Sogno matematico

Un sogno matematico, nella notte tra il 29 e 30 settembre 2017.

Si tratta di fare un compito di matematica, un’espressione che sembra molto semplice apparentemente: una espressione corta e semplice.

Sono a scuola e c’è qualche problema: tutti criticano l’espressione perchè non è riuscita a nessuno, era troppo difficile o non era chiara (forse qualcuno sta provando a svolgerla alla lavagna – come nell’interrogazione di fine primo quadrimestre in prima liceo).

Mi trovo in un’aula grande, con altre persone, potrebbe essere un’aula universitaria e credo si parli ancora di questa espressione, ma non ne sono sicuro; quindi entro io, è il mio turno: siamo in un angolo perchè l’aula è davvero grande.
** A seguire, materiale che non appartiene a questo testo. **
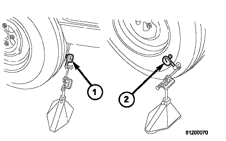 6. Check radial runout. If still excessive, mark tire sidewall, wheel, and stud at point of maximum runout and proceed to Method 2.
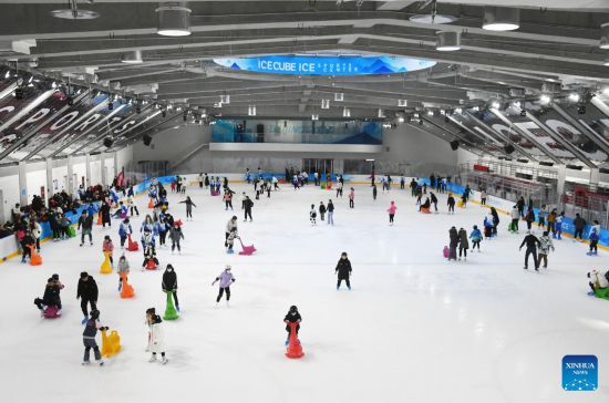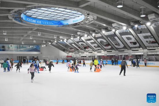 People enjoy skating at National Aquatics Centre (the "Ice Cube") in Beijing, capital of China, Feb. 4, 2023. Activities were held here on Saturday to mark the one-year anniversary of Beijing 2022 Winter Olympics. (Xinhua/Ren Chao)
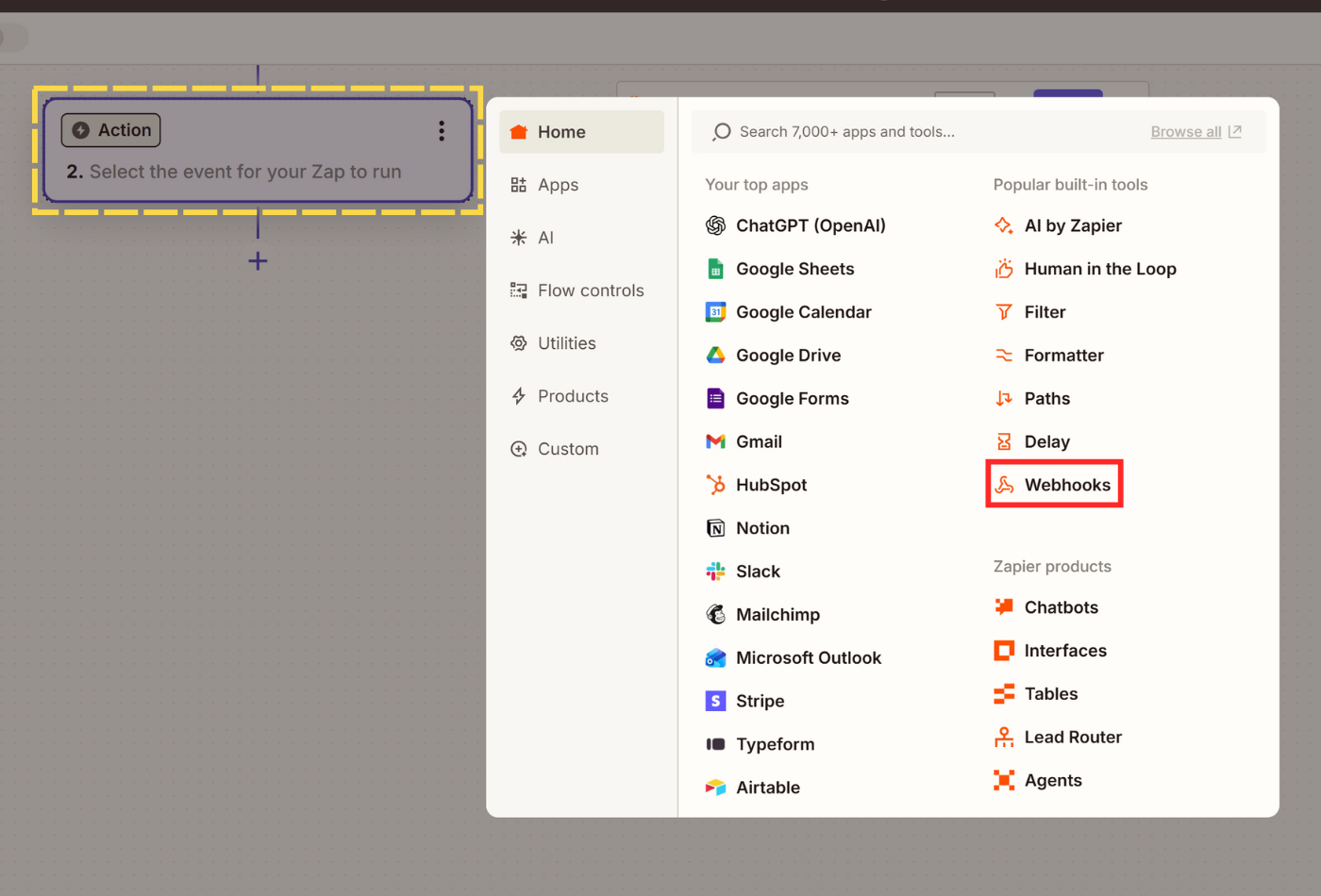 - Our main action is sending a webhook request to Scrape.do. Click on your action step and select Webhooks as your action app.
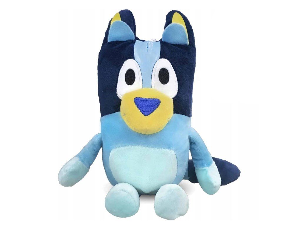 Bluey je roztomilá a priateľská psia postavička, ktorá zaujme svojim veselým vzhľadom a výraznými farbami. Hračka má detailne vypracované rysy, vrátane veľkých očí a širokého úsmevu, čo jej dodáva jedinečný charakter. Je vyrobená z mäkkého a príjemného materiálu, ktorý je ideálny na maznanie a bezpečný pre deti.

Dall’altra parte c’è la mia ex insegnante di inglese, la Gabbi, e non so se si parli di vacanze oppure mi presenti una ragazza, credo una ragazza che ha alla sua sinistra, però c’è anche un ragazzo alla sua destra, la scena non è chiara.
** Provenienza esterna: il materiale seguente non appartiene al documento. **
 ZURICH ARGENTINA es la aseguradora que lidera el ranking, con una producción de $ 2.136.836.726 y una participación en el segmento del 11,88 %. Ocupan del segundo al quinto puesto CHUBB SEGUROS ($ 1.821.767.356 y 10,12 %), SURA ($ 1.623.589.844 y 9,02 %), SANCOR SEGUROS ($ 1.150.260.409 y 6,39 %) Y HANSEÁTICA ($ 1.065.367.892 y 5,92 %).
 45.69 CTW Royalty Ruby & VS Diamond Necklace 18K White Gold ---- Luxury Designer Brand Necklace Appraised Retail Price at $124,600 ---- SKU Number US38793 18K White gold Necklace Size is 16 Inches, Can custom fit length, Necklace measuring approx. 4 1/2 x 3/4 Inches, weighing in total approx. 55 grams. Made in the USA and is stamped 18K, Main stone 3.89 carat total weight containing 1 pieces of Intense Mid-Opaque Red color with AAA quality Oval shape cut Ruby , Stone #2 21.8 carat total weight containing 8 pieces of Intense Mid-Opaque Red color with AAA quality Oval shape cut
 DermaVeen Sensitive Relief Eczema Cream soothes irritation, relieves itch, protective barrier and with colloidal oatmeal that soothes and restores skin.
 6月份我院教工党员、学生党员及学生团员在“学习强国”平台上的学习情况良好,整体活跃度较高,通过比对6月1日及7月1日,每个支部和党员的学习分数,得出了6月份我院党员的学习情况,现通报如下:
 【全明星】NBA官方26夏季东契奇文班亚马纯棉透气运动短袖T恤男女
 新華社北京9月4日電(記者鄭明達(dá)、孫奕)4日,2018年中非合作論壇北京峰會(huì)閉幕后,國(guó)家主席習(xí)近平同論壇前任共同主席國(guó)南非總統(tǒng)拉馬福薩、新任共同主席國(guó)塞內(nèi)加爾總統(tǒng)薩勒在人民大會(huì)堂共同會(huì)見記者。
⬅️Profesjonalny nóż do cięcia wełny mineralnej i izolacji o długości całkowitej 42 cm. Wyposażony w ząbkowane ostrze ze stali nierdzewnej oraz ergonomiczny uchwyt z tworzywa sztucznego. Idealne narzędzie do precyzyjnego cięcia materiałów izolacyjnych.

Si comincia a parlare di cose che non ricordo, forse anche di questa espressione che credo di avere difeso o spiegato, e penso di avere preso un quaderno o un foglio e iniziato a scrivere delle cose.
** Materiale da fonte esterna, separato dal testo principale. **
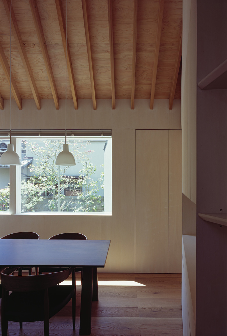 奈良の郊外に建つ住宅。子どもは既に独立し夫婦二人での生活となるとのことから、プライバシーを気にせず、開放的な設えとすることを強く望まれていた。一方で、大きなホールのような開放感は落ち着かないとのことから、空間としては連続性を保ちつつ壁や家具で緩やかに分節する方法を採用した。
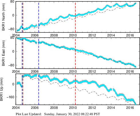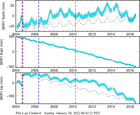 These results are preliminary. The station positions are unchecked and should not be used for any engineering applications. There may be errors in the antenna heights. The velocities are very dependent on the length of the span of observations. The presence of outliers (errant observations) sometimes contaminates the velocities.
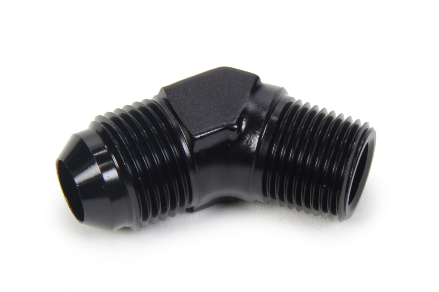 Fitting – Adapter – 45 Degree – 8 AN Male to 3/8 in NPT Male – Aluminum – Black Anodized – Each
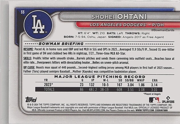 You are purchasing a 2024 Bowman Shohei Ohtani #33. You will receive the exact item in the photographs. Thank you for looking.
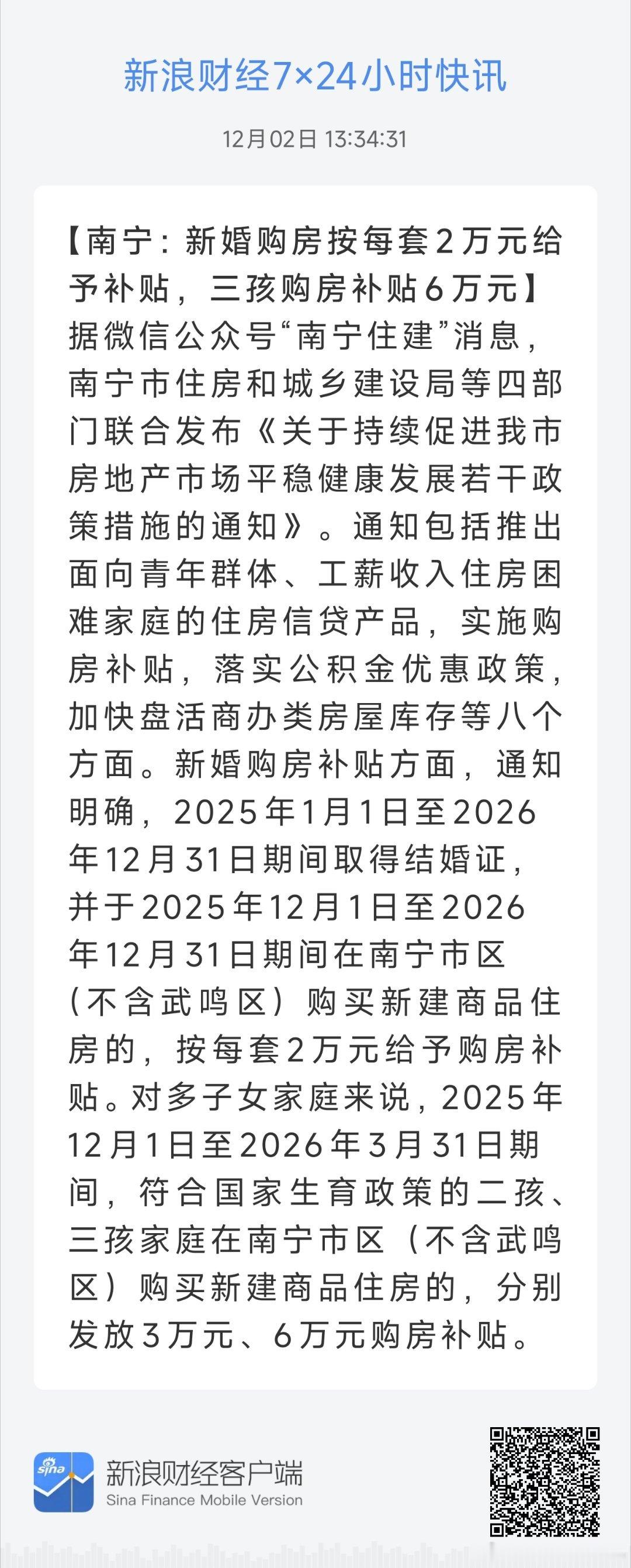 南宁:新婚购房按每套2万元给予补贴,三孩购房补贴6万元

Non ricordo se avevo preparato come difesa il fatto di avere una cugina che ha preparato il bilancio della grande industria in cui lavora ed un cugino preside di facoltà scientifica, persone che queste cose le conoscono e coi quali mi ero confrontato; in realtà non so, però, se svolgo questa difesa, non credo, probabilmente l’ho solo pensato.

La Gabbi mi fa parlare soprattutto col ragazzo, con cui tratto di un argomento diverso; in ogni caso io sono in piedi e dico: “sono le pause,  sono l’intonazione e le pause quelle che mi fanno problema”; comincio a declamare o a provare a declamare e interpretare un brano che credo di Shakespeare ma che in realtà è di Eliot e che dice così: “Pace! lasciatele nella loro esaltazione! esse sanno e non sanno che l’agire è patire e il patire azione” ma forse sbaglio il finale o sono indeciso e comunque lo riprovo un paio di volte.

La scena adesso cambia e sono con Umberto e con altri colleghi giovani, in un piazzale, dove c’è anche la polizia; vedo un ragazzo, forse un collega, che attraversa il piazzale (forse di corsa o forse no) ed un poliziotto che subito lo ferma perchè non si può muovere nessuno che non sia stato identificato o qualcosa di simile.

Ricevo quindi una chiamata via skype da un numero strano, tipo una I, ma io capisco che è mio cugino Andrea, allora lo richiamo e lui mi dice di essere in zona stazione e di essere entrato in una stradina per pochi metri, ma forse non si poteva e gli hanno fatto la multa o l’hanno  fermato.

Io gli dico che cercherò di andare da lui; durante il tragitto lo richiamo per chiedergli se è lì ma lui risponde che no, si sta muovendo per cercarli, i miei colleghi che evidentemente non sono più sul posto, ma comunque è sempre in zona.

Noi partiamo, in auto, facendo una strada strana, salendo su un colle e girando a destra, come se fossimo sul colle di Covignano ed io chiedo a Umberto e agli altri colleghi  che strada stiamo facendo, perchè dobbiamo andare in stazione. Mi rispondono che va bene anche quella, di strade,  e io commento stupito.

Ora siamo sul tragitto, ma fermi nel cortile di un nostro distaccamento.

Forse prima Umberto mi dice: “se torni qui a lavorare ti faccio mettere con me al seggio” ed io rispondo che a Colorno era tutto diverso.

Alla richiesta di sapere come mai io ribatto “non so, ma c’era una responsabile che pagava solo quelle ore e voleva solo quelle persone, tant’è che domenica pomeriggio il comandante stava lì a disposizione a far nulla e lei gli aveva detto che non avrebbe pagato le ore” o qualcosa del genere.

Mentre io esco a piedi dal cancello di questo palazzo o villa, sta arrivando, in salita, un motorino condotto da una bella ragazza dai capelli lunghi e che indossa un paio di short molto corti e sta facendo fatica.

Decido di darle l’alt per controllarla e sembra che lei voglia venirmi addosso; le faccio segno di fermarsi a destra e lei si ferma: le chiedo i documenti e non li ha, le chiedo l’assicurazione e lei risponde di non avere manco quella; le diciamo allora che dovremo sequestrare il motorino e lei risponde “trattamelo bene” guardando qualcosa (ma non so cosa).

Mentre lo tocco scopro che il motorino è in realtà un piccolo quad e non un motorino come avevo visto prima; comunque le rispondo: sì, sì, tanto abbiamo la depositeria che lo tiene in custodia e c’è gente che lavora bene.

Io rientro per andare a prendere i verbali e c’è un collega, Perrone, che dice: “quello è trans o un fr … one, si vede lontano un km” allora mi giro e gli dico: “beh che problema c’è? si sa che io sono esperto in materia perchè ne ho già parlato con Giovanni (Balocchi?)”: lo dico senza vergogna perché sono esperto, poi vado, apro una macchina, mi ci infilo dentro, come se mi calassi dall’alto, prendo un borsone, il verbale di contestazione e quello di sequestro e, mentre esco, noto che hanno i nomi della Relandini e di un uomo che non riesco a ricordare chi sia, ma che vanno bene lo stesso.